For those who are lucky enough to live in the alps or something similar, charge the pack less than absolute full. This would allow to recapture energy while regenerating x-meters / miles downhill. The amount of energy that is regenerated depends mostly on your vehicle mass.


joules = m.g.h
watt-hours = joules/3600

g = 9.8m/s^2

example: mass = 1300kg, hill height 2000meters ( 1.25miles)
joules = 1300 * 9.8 * 2000 = 25 mega joule
or 7kwh!

So if the battery pack is 20kwh, charge upto a maximum of 13kwh energy contents*1. That way the energy you put in driving up hill will be recaptured.... Perhaps GPS altitude information might be usefull for the BMS 

**1 See my next reply for re-evaluated values *


----------



## major (Apr 4, 2008)

steven4601 said:


> For those who are lucky enough to live in the alps or something similar, charge the pack less than absolute full. This would allow to recapture energy while regenerating x-meters / miles downhill. The amount of energy that is regenerated depends mostly on your vehicle mass.
> 
> 
> joules = m.g.h
> ...


Hi steven,

Your calculation might hold in a frictionless vacuum, but in the real world the road load always uses energy. So if it was a 10% grade, 12.5 miles would be traveled. At 500 Wh/mi, friction and aero losses would be 6.25 kWh. So that the net energy at the bottom of the decline would be 0.75 kWh gained. 
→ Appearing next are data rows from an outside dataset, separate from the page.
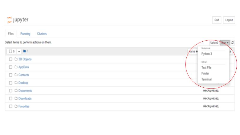 Чтобы создать новый ноутбук, нужно нажать на кнопку New во вкладке «Файлы».
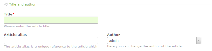 Fill in the title and author section of the new article. Note that the TITLE is mandatory for the article to be saved. You can also click on the drop-down menu to choose the author. The only selectable authors are users within the Contao CMS. For information on Users, please go to Managing Users in the Conto CMS.
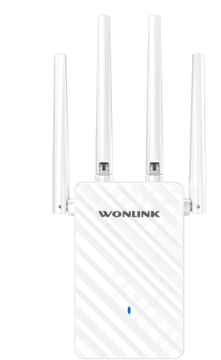 Repetidor WiFi de la marca WONLINK, modelo 3503-2. Diseñado para ampliar la cobertura de tu red inalámbrica. - Cuatro antenas externas para una mejor señal. - Indicador LED de estado. - Diseño compacto y moderno.

This still doesn't include drivetrain efficiency, but we could consider those losses part of the 500 Wh/mi. With a little headroom, he could charge the 20 kWh battery to 19. The real killer is getting back up the mountain. There you have the change in P.E. plus the road load or 13.25 kWh needed. So he would have only about 6 kWh to use down in the valley.

Regards,

major


----------



## steven4601 (Nov 11, 2010)

Of course, losses have to be accounted for.

Considering air resistance, faster the decline, lesser the amount of energy can be recaptured. Considering friction losses, I think those are rather static, either going fast or slow over a certain distance. 

Estimated / rough measurements of efficiency of a BMW Z3 RWD drivetrain with manual trannny is about 77% @ 50km/h. 
- 50kmh requires about 4.5 to 5kW of battery power, or 3.85kW wheel power on level grounds. 
- Declining 2000meters @ 50km/h would give about 7kwh of potential energy back. 
- @ 50km/h. 7kwh potential energy * 0.77 drive train efficiency is about 5.4kwh battery energy that can be recaptured.

With a decline of 10%, or distance of 20kilometers @ 100watt/hour per kilometer:
energy required for the distance = 20km * .1kwh/km = 2kwh
potential energy regained for height = 5.4kwh 
total gain = 3.4kwh.

Hope I didn't miss anything.

How does it help to throw in a random value like 500 watt-hour mile? Going up hill with a school bus ? 


edit: energy available in the valley after the decline:
Assuming the 20kwh pack is full @ 20kwh at the bottom of the decline, about 10kwh energy is available for driving in the 2km deep valley. The other 10kwh is required to go back up @ 50km/h.


----------



## major (Apr 4, 2008)

steven4601 said:


> Hope I didn't miss anything.
> 
> How does it help to throw in a random value like 500 watt-hour mile? Going up hill with a school bus ?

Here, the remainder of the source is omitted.